彼らは幾何魔導学の研究の末、何か強大なる存在に遭遇して姿を消したという。それも、彼らがいた北の大地ごと。その日、空が緑色に発光して、恐るべき爆音と地響きと共に一瞬にして北の大地は消滅し、バド族も一緒に消えてしまった。その跡地は今でも北にある円形状の“消滅海域“として残っているのだそう。
「俺はその原因が《全なる存在》だと思ってる」
最後のページが捲られた時、ガウルさんはそう言った。
「《全なる存在》って?」
「《天玄の理の主》、《夢幻の函》、《観測者》、《原初の魔導》。色々と呼称はあるが、簡単に言えば神様ってやつだな」
「神様かぁ。でもなんで神様はバド族を消しちゃったの?」
「俺には神様の気持ちなんざわからんがな。神の高みに至ろうとしたバド族に対して怒ったからかもしれないし、もしかしたら神をこの世界に召喚しちまったもんだから、整合性が取れなくてぶっ飛んじまったって可能性とかが考えられるだろうよ。いずれにせよ、その原因が幾何魔導学の延長線上にあったことは間違い無いだろうな」
「ふーん」
何だか知らぬ間に御伽話テイストで進んでいた会話がアカデミックになってきたのだけれど、一体どうしてこうなってしまったのだろう。まあ、さっき学んだばかりの単語の復習になるから、頭が疲れること以外は悪いことじゃない。

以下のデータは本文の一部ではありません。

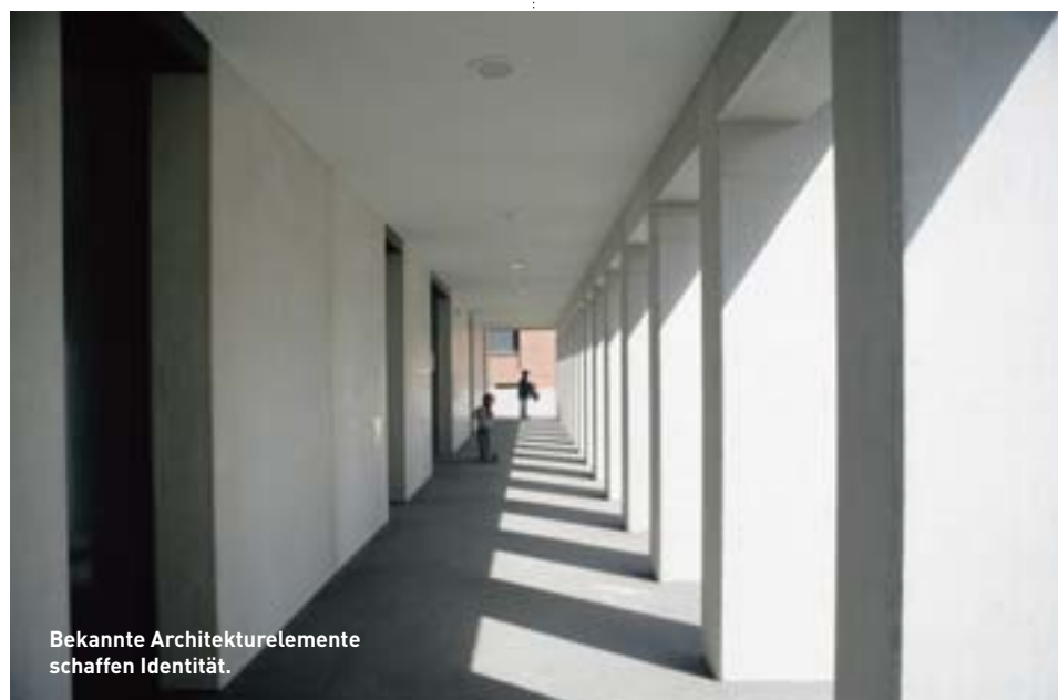
Bekannte Architekturelemente schaffen Identität.

Planung: Baumschlager Eberle Ziviltechniker GmbH, Lochau
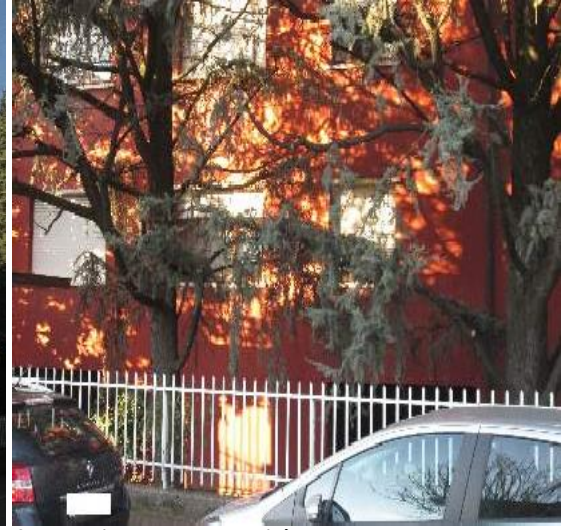
2 scorcio laterale unità
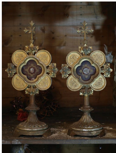
Vue générale IVR31_20106202233NUCA
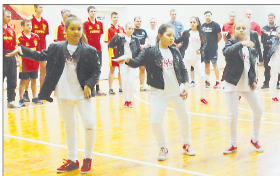
Танцем открывала спартакиаду команда школы Crystal.
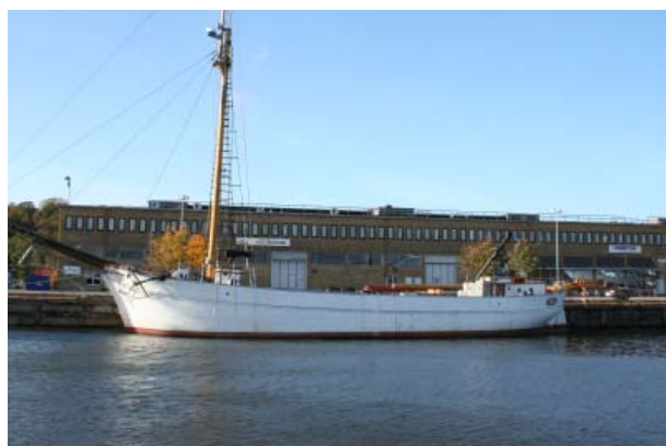
Tremastskonaren Ingo, under mastbyte i Göteborgs hamn

「ところでさ、何でガウルは《全なる存在》と神様を分けて話したの?」
「いい質問だ。それは《全なる存在》が幾何魔導学において提唱されている仮説上の存在で、神様ってのはその辺のやつが言ってる色々できる存在という違いがあるからだな。まあどの道、本質的には似たようなもんだが」
「じゃあさ、《全なる存在》って結局何なの?」
「おま、ガキのくせに高度な内容に首突っ込みやがったな......しゃあない。ここまできたら全部説明してやろう」
ガウルさんはため息をついて、手に握っていた紙の束を放り投げた。また単語の質問されるのが嫌なんだろうなぁ、と察しつつ、甘えられるところでは甘えよう精神で容赦する気は一切ない。
「まずは前提として魔法とは何かを説明しようか」
そう言ってガウルさんが手のひらを上に向けた。
「《火》よ、《顕現せよ》」
その瞬間、ガウルさんの手のひらの上にメラメラと燃える炎が現れた。少し離れた場所にいる僕の肌にもその熱さが伝わってくるほどに大きい炎だ。凄い、自分でもやってみたいと思ってしまう。
「これが魔法と呼ばれるもののうちの一つ、《詠唱魔法》だ」
「すごい! どうやってやったの?」
「ただ言葉を唱えただけだ。お前でも簡単にできるぞ」
「ホント? じゃあやってみてもいい?」
「もちろんいいぞ。ただ俺の家を燃やすなよ?」
僕の心配は無しかと思いつつ、ガウルさんを真似て手のひらを上に向けて開く。後は言葉を唱えればいいだけ。そしたら簡単に火がつくらしい。ただ、若干怖いところもある。
「えっと、《火》よ、《顕現せよ》?」
そう唱えた瞬間、ちょっと怖くなって目を閉じた。しばらくして再び目を開く。そこにはガウルさんのやっていたような火は無かった。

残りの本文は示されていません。